BEGIN Given information

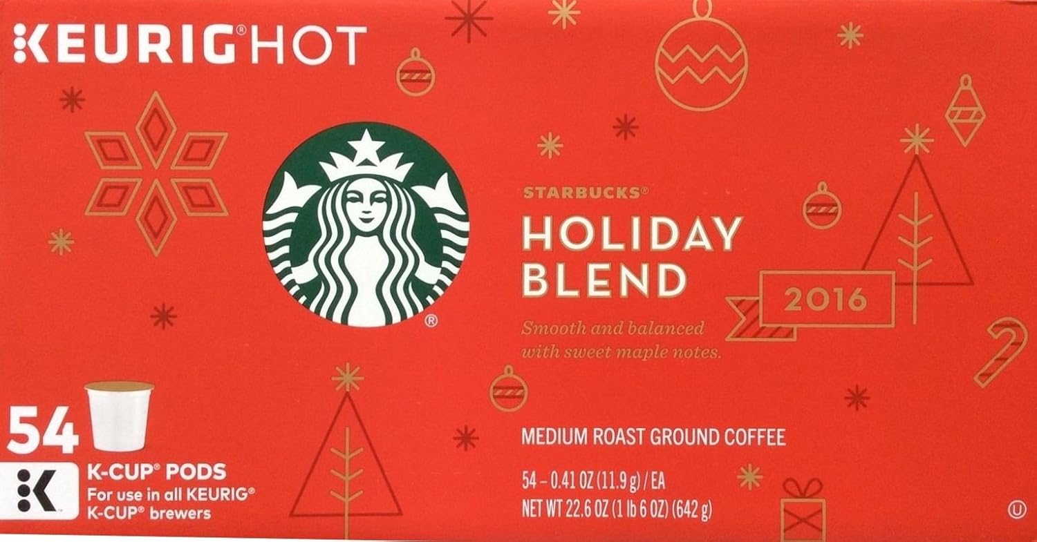 • The Starbucks Holiday Blend 2016 Limited Edition K-Cups, 54 Count is a
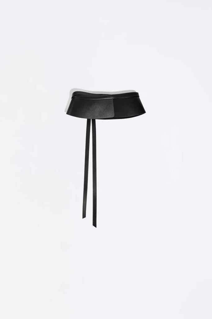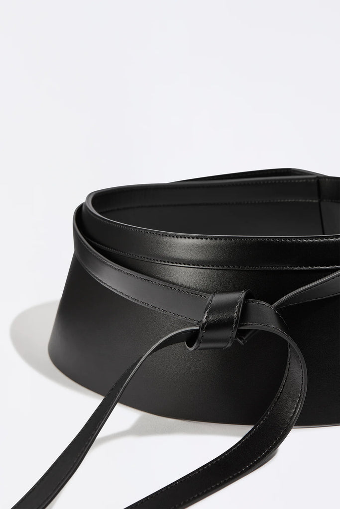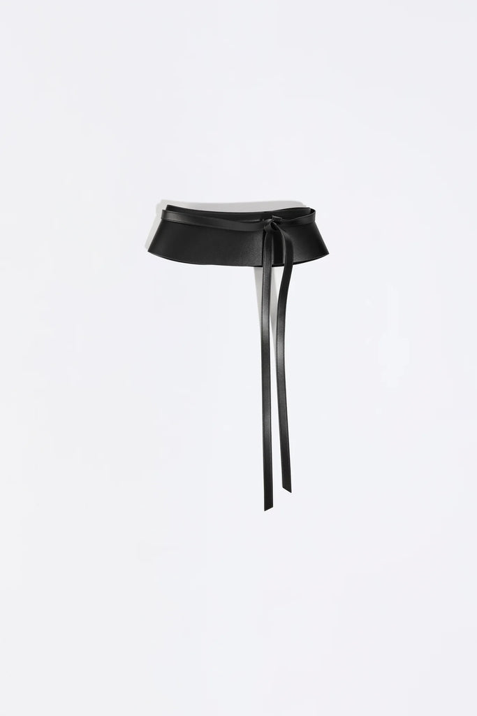 Vegan leather corset belt, knot fastening. H. 10 cm
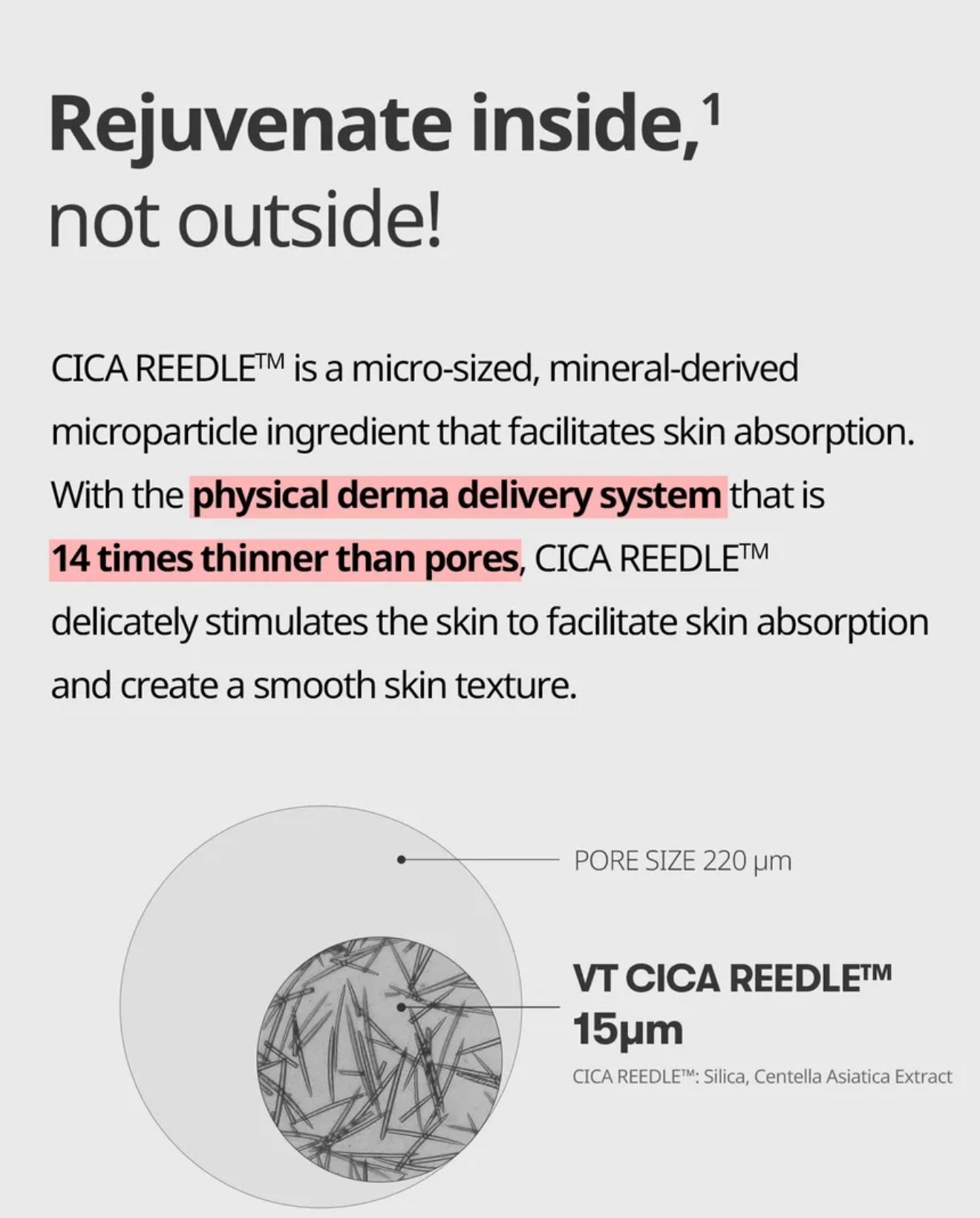 - The delicate design of the micro-sized Cica Reedle facilitates skin absorption and awakens the skin condition to restore healthy skin.

END Given information

> _What to do_
Reproduce the material word for word, pictures excluded.

> _Task response_
 • The Starbucks Holiday Blend 2016 Limited Edition K-Cups, 54 Count is a
 Vegan leather corset belt, knot fastening. H. 10 cm
 - The delicate design of the micro-sized Cica Reedle facilitates skin absorption and awakens the skin condition to restore healthy skin.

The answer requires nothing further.